[Items from a data source]

━━━━

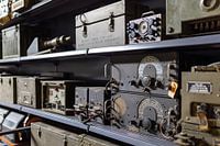 Deze fascinerende foto toont een verzameling oude radio's en communicatietoestellen uit de Tweede Wereldoorlog, zorgvuldig gerangschikt op metalen planken. De radio's, met hun gedetailleerde knoppen, wijzerplaten en bedieningspanelen, geven een authentiek beeld van de technologie die tijdens de oorlogsjaren werd gebruikt. Elke radio draagt de sporen van zijn gebruik, met lichte verwering en historische patina, wat bijdraagt aan het gevoel van nostalgie en authenticiteit.
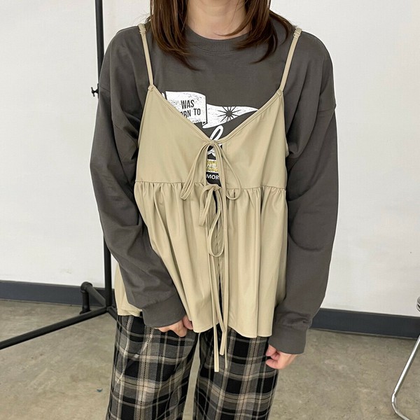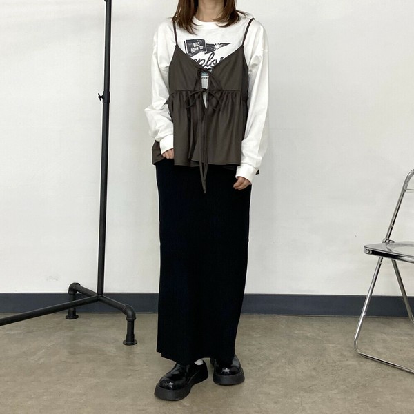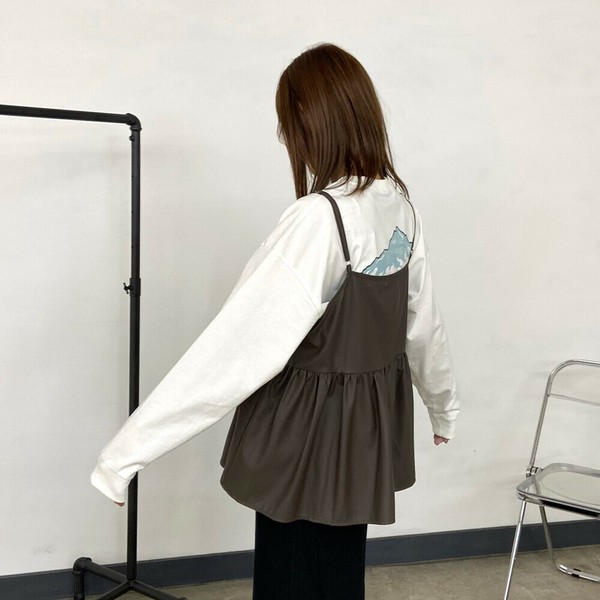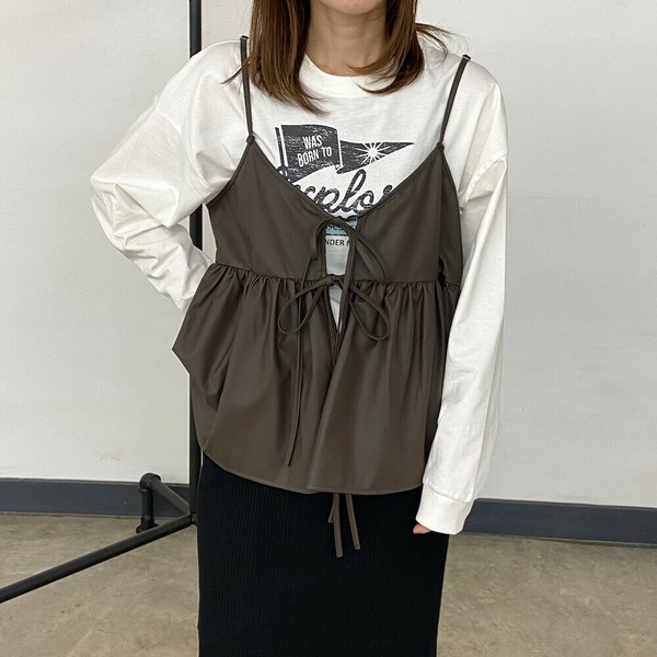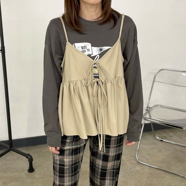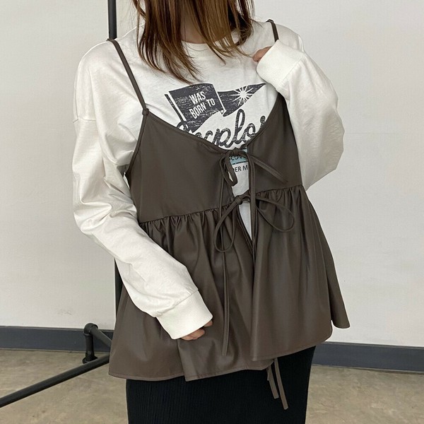 【2025新作】合成皮革キャミソール ビスチェ ベスト フェイクレザー 秋 冬 リボン ゆったり
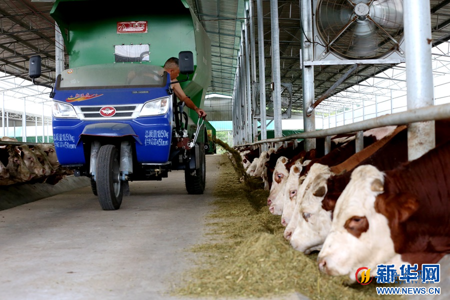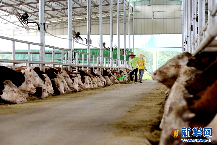 大余县青龙镇赤江村肉牛生态养殖基地,饲养员正在喂养西门塔尔牛。 新华网发 叶功富 摄
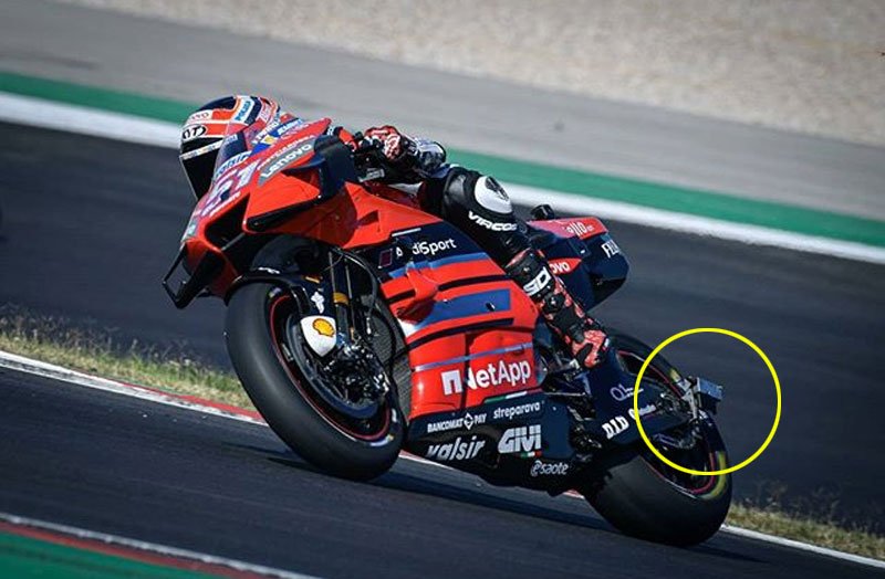 L’Italien utilise toujours des lasers montés de chaque côté du bras oscillant de sa Ducati GP20 pour numériser le comportement du train arrière.
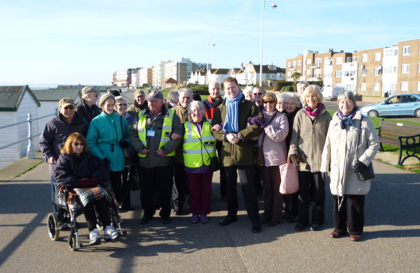Bexhill and Battle MP, Greg Barker joined walk leaders Cllr Paul Lendon, Sandra Melvin, Vernon Cornford , Frank Upland and around 30 other walkers for a stroll along East Parade last Friday morning and took the opportunity to wish them all a Happy New Year.

━━━━

Work request » Excluding pictures, copy exactly the lines from the line containing "L’Italien utilise toujours" through the last line of the data, inclusive.

Answer to this task »
 L’Italien utilise toujours des lasers montés de chaque côté du bras oscillant de sa Ducati GP20 pour numériser le comportement du train arrière.
Bexhill and Battle MP, Greg Barker joined walk leaders Cllr Paul Lendon, Sandra Melvin, Vernon Cornford , Frank Upland and around 30 other walkers for a stroll along East Parade last Friday morning and took the opportunity to wish them all a Happy New Year.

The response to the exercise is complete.